_BRIEF:_
Write out exactly, and only, the lines below from the line with "ブラックには透明のプリントで" through the line with "Per uomo Sandali"; pictures do not belong in the copy.

_INPUT DATA:_
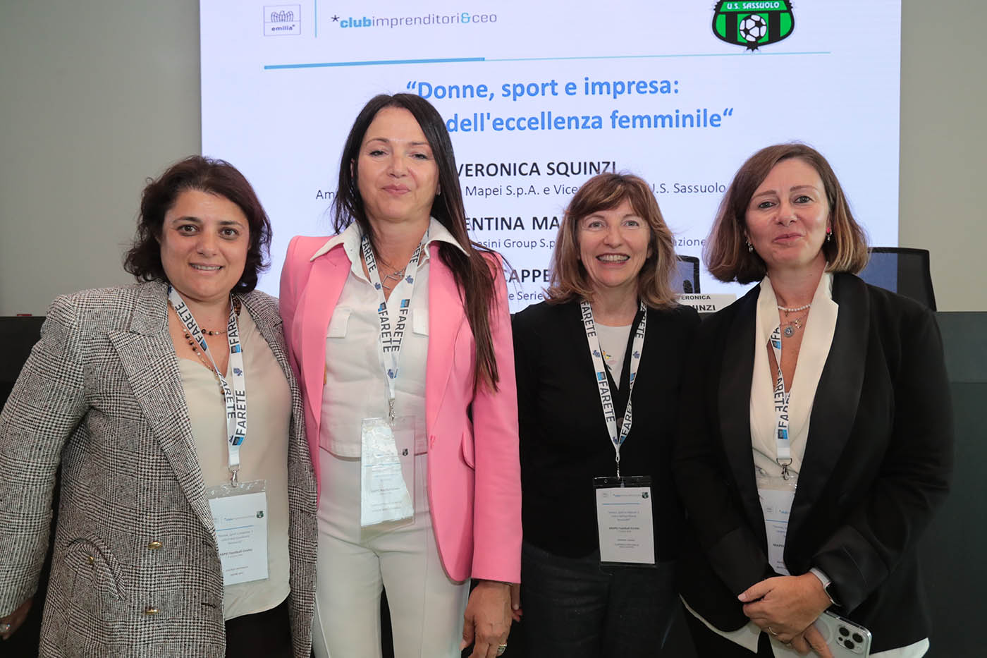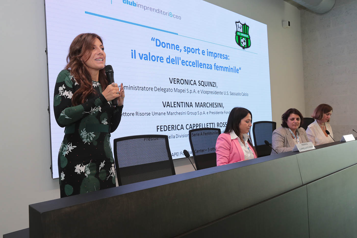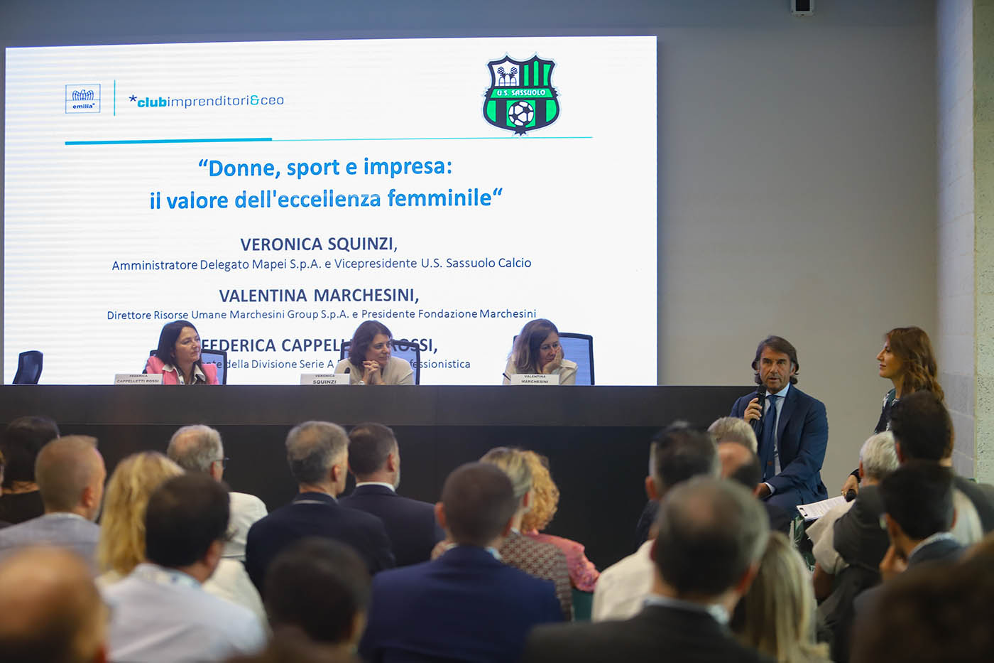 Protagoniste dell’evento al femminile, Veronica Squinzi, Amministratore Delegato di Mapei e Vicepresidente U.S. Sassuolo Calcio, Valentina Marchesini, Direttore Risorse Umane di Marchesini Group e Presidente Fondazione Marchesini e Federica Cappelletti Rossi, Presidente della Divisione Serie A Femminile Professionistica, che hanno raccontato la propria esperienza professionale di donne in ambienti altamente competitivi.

==

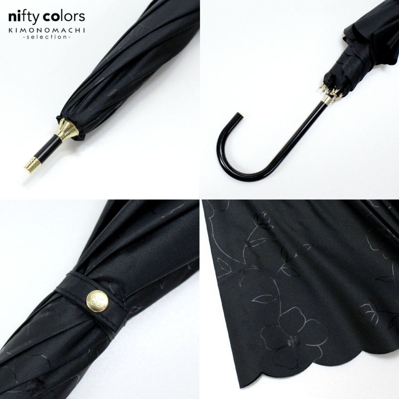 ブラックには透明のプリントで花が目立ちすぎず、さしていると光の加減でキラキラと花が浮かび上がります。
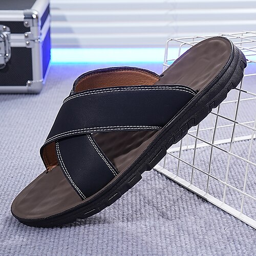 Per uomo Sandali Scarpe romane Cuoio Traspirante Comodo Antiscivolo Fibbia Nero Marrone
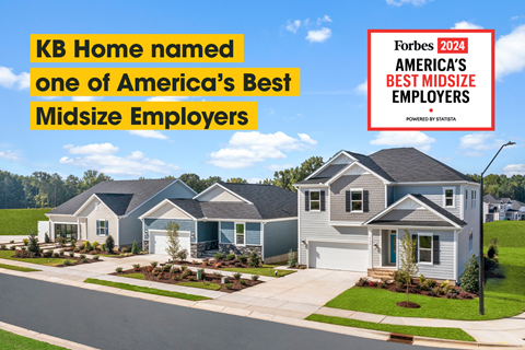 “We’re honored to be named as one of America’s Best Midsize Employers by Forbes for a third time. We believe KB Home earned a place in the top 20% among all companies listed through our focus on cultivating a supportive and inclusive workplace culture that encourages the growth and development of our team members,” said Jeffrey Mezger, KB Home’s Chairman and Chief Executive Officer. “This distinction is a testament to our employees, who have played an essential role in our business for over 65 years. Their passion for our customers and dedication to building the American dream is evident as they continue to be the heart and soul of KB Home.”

_ANSWER TO THE EXERCISE:_
 ブラックには透明のプリントで花が目立ちすぎず、さしていると光の加減でキラキラと花が浮かび上がります。
 Per uomo Sandali Scarpe romane Cuoio Traspirante Comodo Antiscivolo Fibbia Nero Marrone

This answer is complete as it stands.